------ Dataset section

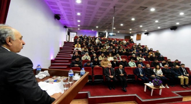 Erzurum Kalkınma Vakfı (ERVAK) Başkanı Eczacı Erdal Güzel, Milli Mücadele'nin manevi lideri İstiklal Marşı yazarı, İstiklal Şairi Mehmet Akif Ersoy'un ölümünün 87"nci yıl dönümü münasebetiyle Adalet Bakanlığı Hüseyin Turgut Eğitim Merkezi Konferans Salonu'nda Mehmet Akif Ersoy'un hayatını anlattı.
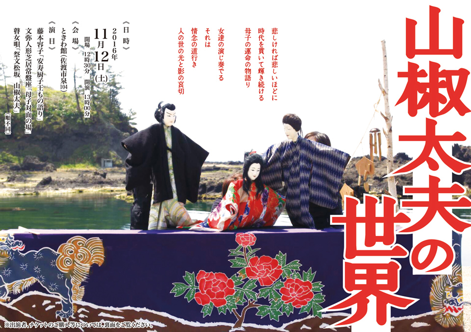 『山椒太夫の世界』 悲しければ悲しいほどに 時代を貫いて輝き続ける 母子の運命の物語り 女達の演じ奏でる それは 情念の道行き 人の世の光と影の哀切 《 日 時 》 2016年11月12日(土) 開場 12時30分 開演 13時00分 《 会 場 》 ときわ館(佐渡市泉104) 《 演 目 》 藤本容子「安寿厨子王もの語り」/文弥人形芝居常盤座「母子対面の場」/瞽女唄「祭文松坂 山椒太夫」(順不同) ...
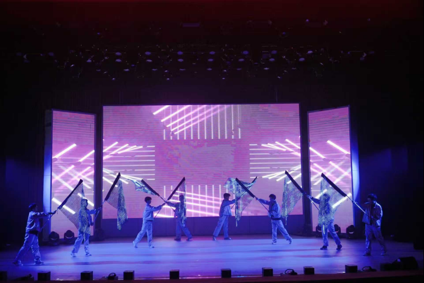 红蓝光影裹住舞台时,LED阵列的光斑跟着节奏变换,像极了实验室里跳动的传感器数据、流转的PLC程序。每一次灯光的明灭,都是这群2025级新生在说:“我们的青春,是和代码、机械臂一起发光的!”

------------

#### Activity:
Please copy the data above word for word, but only from the line that contains "藤本容子「安寿厨子王もの語り」/文弥人形芝居常盤座「母子対面の場」/瞽女唄「祭文松坂 山椒太夫」(順不同) ..." through the final line, both included, and without the pictures.

#### Task response:
 『山椒太夫の世界』 悲しければ悲しいほどに 時代を貫いて輝き続ける 母子の運命の物語り 女達の演じ奏でる それは 情念の道行き 人の世の光と影の哀切 《 日 時 》 2016年11月12日(土) 開場 12時30分 開演 13時00分 《 会 場 》 ときわ館(佐渡市泉104) 《 演 目 》 藤本容子「安寿厨子王もの語り」/文弥人形芝居常盤座「母子対面の場」/瞽女唄「祭文松坂 山椒太夫」(順不同) ...
 红蓝光影裹住舞台时,LED阵列的光斑跟着节奏变换,像极了实验室里跳动的传感器数据、流转的PLC程序。每一次灯光的明灭,都是这群2025级新生在说:“我们的青春,是和代码、机械臂一起发光的!”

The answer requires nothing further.